In 2013, Theerayut joined the monkhood for two months in a mass ordination held to make merit for then-head of state, King Bhumibol Adulyadej. The lawyer entered Onoi Temple in Nakhon Pathom province under its then-abbot, Phra Buddha Isara.

At the time, the head monk was among the leaders of street protests against the Yingluck Shinawatra government that began in November 2013.

Theerayut told BBC Thai last year that after leaving the monkhood, he was contacted by an old high-school friend who was also a close aide of Buddha Isara. His ex-classmate told him that the abbot needed a lawyer but found no suitable candidate, so he put Theerayut’s name forward.

Theerayut said he began working as Buddha Isara’s lawyer in 2015 after the monk was accused of criminal wrongdoing during the anti-government protests organized by the People’s Democratic Reform Committee (PDRC).

Buddha Isara was defrocked in 2018 after being sent to prison for his role in detaining two plainclothes policemen during the protests.

Theerayut was assigned by Buddha Isara to file police complaints against numerous politicians and political activists for alleged lese majeste and sedition following their campaign for reform of the monarchy.

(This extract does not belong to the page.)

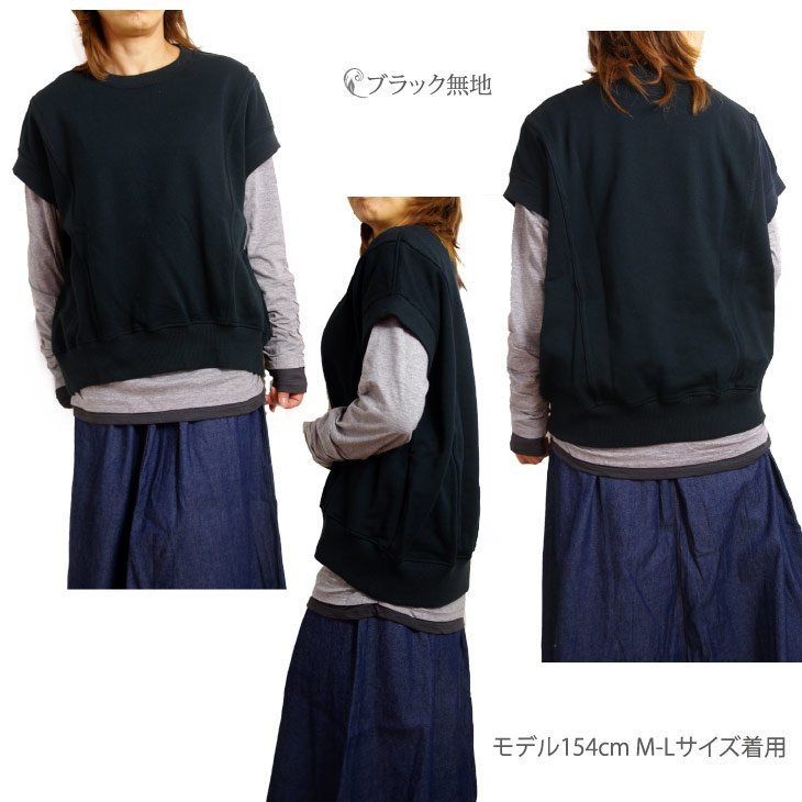 スウェット 半袖 裏毛 レディース トレーナー 日本製 オリジナル 無地 L~LL 黒 新品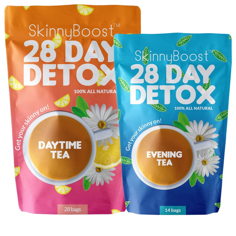 - CLEANSE & DETOX IN 2 STEPS – Skinny Boost 28 Day Detox kit includes 1 Daytime Tea (28 tea bags) and 1 Evening Tea (14 tea bags) The Skinny Boost 2 step detox plan is all natural and made of green and oolong teas and herbs. The combination of our powerful all natural ingredients are the perfect way to support a detox cleanse for weight loss and belly fat reduction.

Among those named by the lawyer in complaints were Thanathorn Juangroongruangkit, Piyabutr Saengkanokkul, Pannika Wanich, and Panusaya “Rung” Sithijirawattanakul.

‘No hidden agenda’

The lawyer, meanwhile, maintains he was acting independently when he filed the complaint against Move Forward last June. “I didn’t do it because of an order from anyone or because I wanted to be famous. I have no hidden agenda against Move Forward either,” he said.

Theerayut said his friends and colleagues had also voiced concerns for his safety after he sought legal action against the popular political party that had just won the general election and was forming a new government.

However, he said he received no physical threats, even from his neighbours whom he described as Move Forward supporters.

The lawyer said the harshest rebuke came from his younger sister, whom he described as a “hardline red shirt”. Red shirts is the collective name given to supporters of former prime minister Thaksin Shinawatra and his proxy party Pheu Thai.

Theerayut said his sister came to admonish him after learning that he worked for Buddha Isara, a staunch critic of Thaksin and Pheu Thai. “She told me to change my last name. It took me a long time to calm her down,” he said.

The lawyer said that he had worked for Buddha Isara in his capacity as a disciple and that he had nothing to do with the then-abbot’s political beliefs.